Face à une situation politique et financière catastrophique, Louis XVI se voit contraint de convoquer les  États Généraux. Une assemblée des trois ordres – clergé, noblesse et tiers état – qui seuls peuvent décider de la levée de nouveaux impôts et engager la réforme du pays. Leur ouverture, le 5 mai 1789 à Versailles, marque celle de la Révolution française.

Le 4 mai 1789, a lieu à Versailles la dernière grande cérémonie d’Ancien Régime : la procession des États Généraux. 1 200 députés, venus de toute la France, sont assemblés pour cette première journée. Vêtus de noir et couverts d’un manteau noir et or, les députés du tiers état sont les plus nombreux. Tous tiennent un cierge à la main, sauf les porteurs de bannières et les Fauconniers du Roi. Le roi est, lui, en habit et manteau de drap d’or, entouré des Grands officiers de la Couronne. Il porte sur son chapeau le Régent, le plus gros diamant d’alors. La reine porte une robe d’or et d’argent. Le roi est acclamé, pas elle. La procession, partie de Notre-Dame, traverse la place d’Armes et arrive à l’église Saint-Louis. Monseigneur de La Fare, évêque de Nancy, y prononce en chaire un célèbre discours fustigeant le luxe de la Cour. Pour la première fois, un évêque est applaudi dans une église.

ANECDOTE

Louis XVI ouvre la séance par un discours dans lequel il rappelle les circonstances qui l’ont conduit à cette convocation et ce qu’il attend des États Généraux. En roi pacifique, il se déclare « le premier ami de ses peuples ».

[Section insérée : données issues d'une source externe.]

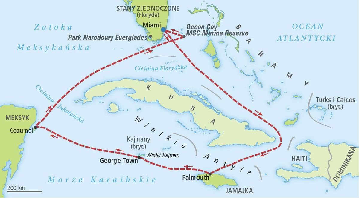 Magia Karaibów, rajska prywatna wyspa, stworzona specjalnie dla Pasażerów MSC, cuda natury i wspaniałe zabytki – to prawdziwy rejs marzeń! Luksusowy statek wycieczkowy MSC Seascape zachwyca przestronnymi i komfortowymi wnętrzami, w których sztuka i elegancja łączą się z ultranowoczesnymi technologiami. Poczuj się jak w ekskluzywnym hotelu z basenami, aquaparkiem, strefą dla dzieci, bogatym programem rozrywkowym i szeroką ofertą barów i restauracji! Podziwiaj widoki na egzotyczne wyspy i poznaj ich różnorodne oblicza, w których można się zakochać. W programie również jeden dzień w magicznym mieście – Miami!
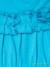 Детали: округлый вырез горловины, короткие рукава фонарики, отрезная расклешенная юбка с оборкой, завязки на спинке. Полочка декорирована рюшами.

Le 5 mai, commence la séance solennelle d’ouverture. Convoqués depuis le 5 juillet 1788, les États Généraux n’ont pas été réunis depuis 1614. Une salle provisoire à colonnes a été érigée derrière les Menus-Plaisirs de l’avenue de Paris. Contrairement à la gravure célèbre, la salle est minuscule. Le roi, entouré de la reine et des princes du sang, trône au fond de la salle sous un dais majestueux. Les députés siègent autour, sur plusieurs rangs. Ceux du tiers état y donneront naissance le 17 juin, avec quelques-uns du clergé et de la noblesse, à la première Assemblée nationale.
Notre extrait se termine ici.